Warum hast du dir das Office SP2 nicht ganz normal über die Windows Update Funktion geholt? 

MfG, boss3D


----------



## Michael46 (30. April 2009)

Hallo boss3D,

über Windows Update wird bei mir bisher das Office2007 SP2 noch nicht angeboten.
Die Installation des SP1 hat auch offline funktioniert.


----------



## B1gD4ddy (1. Mai 2009)

Bei mir wird es per Windows Update net angeboten.


Mfg
B1gD4ddy


----------



## jetztaber (1. Mai 2009)

Dann schlag ich vor, dass Du diese Update Datenbank, also alles nach '\...' löschst:

C:\Windows\SoftwareDistribution\DataStore\...

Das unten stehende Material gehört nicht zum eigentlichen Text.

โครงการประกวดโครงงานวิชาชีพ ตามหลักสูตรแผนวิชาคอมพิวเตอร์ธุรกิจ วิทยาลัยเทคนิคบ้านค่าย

Das hat zwar zur Folge, dass der Updateverlauf verschwindet, aber der hat meistens sowieso nur einen historischen Wert. Danach wird die Datenbank beim Neustart des Systems neu angelegt.


----------



## Michael46 (2. Mai 2009)

Der Vorschlag, den Zweig "DataStore" zu löschen und dann neu zu starten, brachte leider keine Lösung.
Es kommt nach wie vor die Fehlermeldung:

"Fehler bei der Erkennung. Dies kann auf eine beschädigte Installationsdatenbank zurückzuführen sein."


----------



## jetztaber (2. Mai 2009)

Passiert das auch, wenn Du versuchsweise Office deinstallierst und nach einer Neuinstallation gleich das SP2 aufspielst?


----------



## B1gD4ddy (3. Mai 2009)

Da muss ich Michael46 zustimmen,

immer noch keine Inst. möglich.




MfG
B1gD4ddy


----------



## Michael46 (3. Mai 2009)

Den Aufwand einer Neuinstallation treibe ich jetzt nicht. Mal schauen, ob MS dazu etwas einfällt bzw. was Windows update macht.


----------



## Michael46 (8. Mai 2009)

Nach Rücksprache mit MS-Support gab es für mich folgende Lösung:

1. MS-Support schrieb u.a.

"... Bei diesem Fehlerbild laden Sie sich bitte einmal das folgende kleine Tool herunter und fuehren es aus: 
http://download.mshelper.de/mshregs/winUpdRestore!v28.exe
Das Programm behebt einen Grossteil der in Verbindung mit Updates auftretenden Problematiken..."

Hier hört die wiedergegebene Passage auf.